Gaudissart had just come in for a rehearsal. Chance so ordered it that no one wished to speak with him; actors and authors were alike late.

Delighted to have news of his conductor, he made a Napoleonic gesture, and La Cibot was admitted.

The sometime commercial traveler, now the head of a popular theatre, regarded his sleeping partners in the light of a legitimate wife; they were not informed of all his doings. The flourishing state of his finances had reacted upon his person. Grown big and stout and high-colored with good cheer and prosperity, Gaudissart made no disguise of his transformation into a Mondor.

"We are turning into a city-father," he once said, trying to be the first to laugh.

"You are only in the Turcaret stage yet, though," retorted Bixiou, who often replaced Gaudissart in the company of the leading lady of the ballet, the celebrated Heloise Brisetout.

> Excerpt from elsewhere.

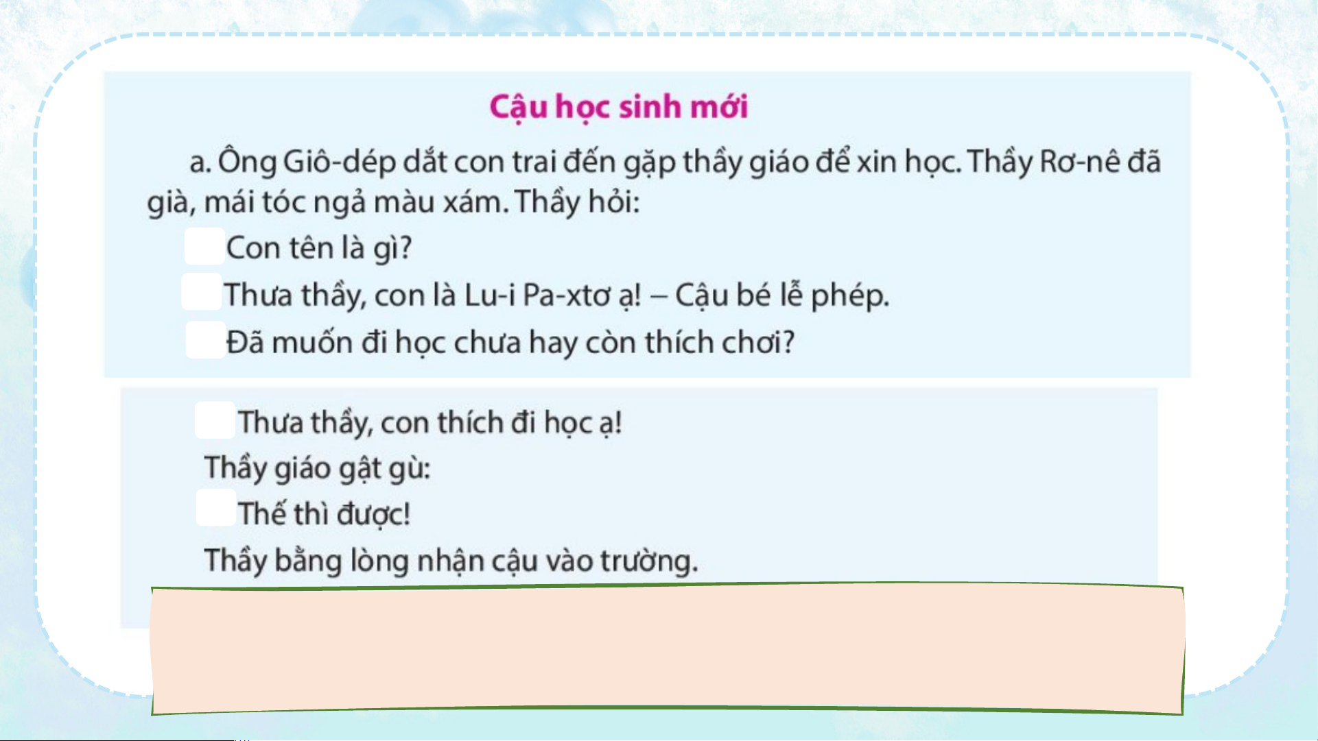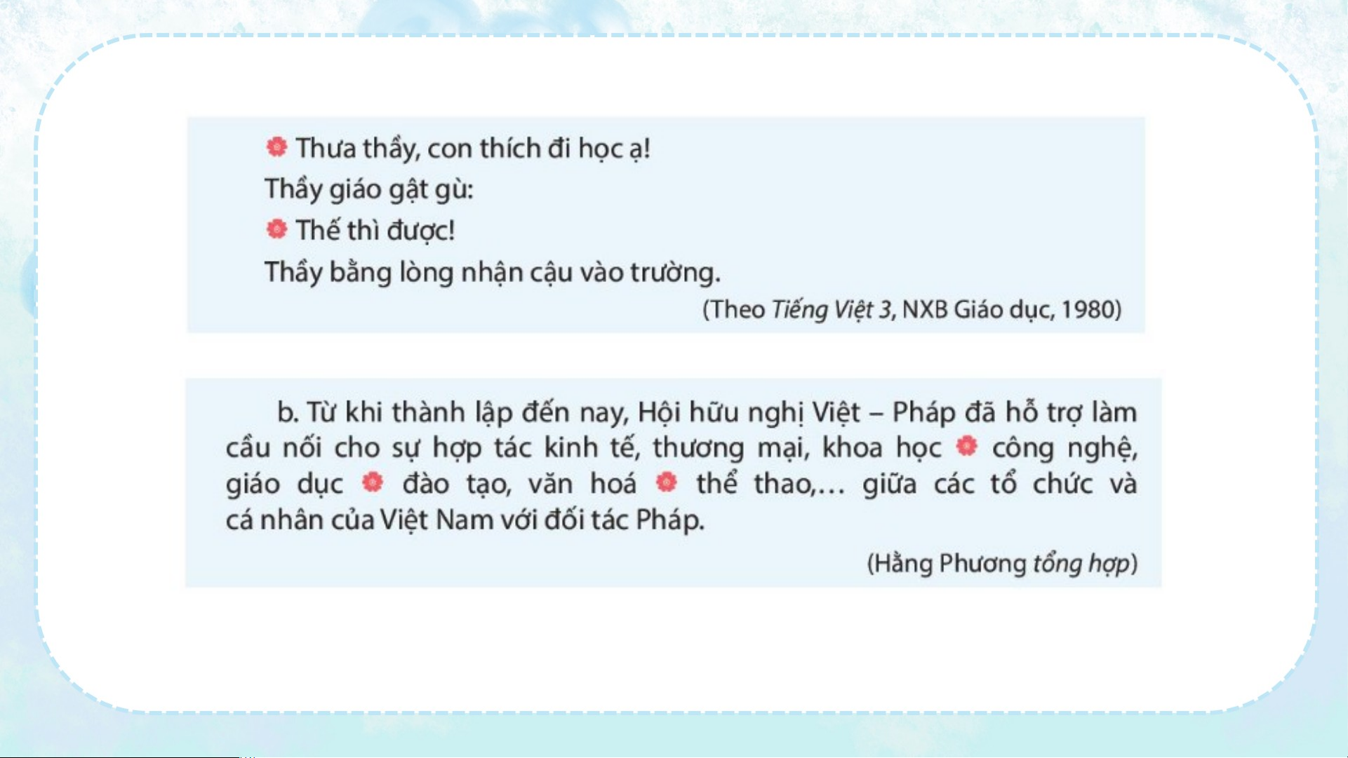 Ghi lại 1 – 2 câu h i ỏ – đáp c a ủ em và b n ạ , trong đó s ử d n ụ g d u ấ g ch ạ ngang. – Lư ng ơ Đ nh ị C a ủ là – Đ – ú Bạ ng n đ c ấ ó y b! i t ế Nhnàh à bá bác c h c ọ nhà bác h c ọ c a ủ Lươ h ng c ọ L Đư ị ng ơ nh Đ Củnh ịa Cđã a ủ có nước Vi t ệ Nam. nhữ n ở ng ư đó c ớ nà ng o gó k p htô o ng ? l n ớ cho nền nông nghi p ệ Vi t ệ Nam... Nêu tác d n ụ g c a ủ d u ấ g ch ạ ngang trong đo n ạ sau: Tin-tin: – C u ậ đang làm gì v i đ ớ ôi cánh xanh y? ấ Em bé th ứ nh t:

The former Ill.u.s.trious Gaudissart, in fact, was exploiting the theatre simply and solely for his own particular benefit, and with brutal disregard of other interests. He first insinuated himself as a collaborator in various ballets, plays, and vaudevilles; then he waited till the author wanted money and bought up the other half of the copyright. These after-pieces and vaudevilles, always added to successful plays, brought him in a daily harvest of gold coins. He trafficked by proxy in tickets, allotting a certain number to himself, as the manager's share, till he took in this way a t.i.the of the receipts. And Gaudissart had other methods of making money besides these official contributions. He sold boxes, he took presents from indifferent actresses burning to go upon the stage to fill small speaking parts, or simply to appear as queens, or pages, and the like; he swelled his nominal third share of the profits to such purpose that the sleeping partners scarcely received one-tenth instead of the remaining two-thirds of the net receipts. Even so, however, the tenth paid them a dividend of fifteen per cent on their capital. On the strength of that fifteen per cent Gaudissart talked of his intelligence, honesty, and zeal, and the good fortune of his partners. When Count Popinot, showing an interest in the concern, asked Matifat, or General Gouraud (Matifat's son-in-law), or Crevel, whether they were satisfied with Gaudissart, Gouraud, now a peer of France, answered, "They say he robs us; but he is such a clever, good-natured fellow, that we are quite satisfied."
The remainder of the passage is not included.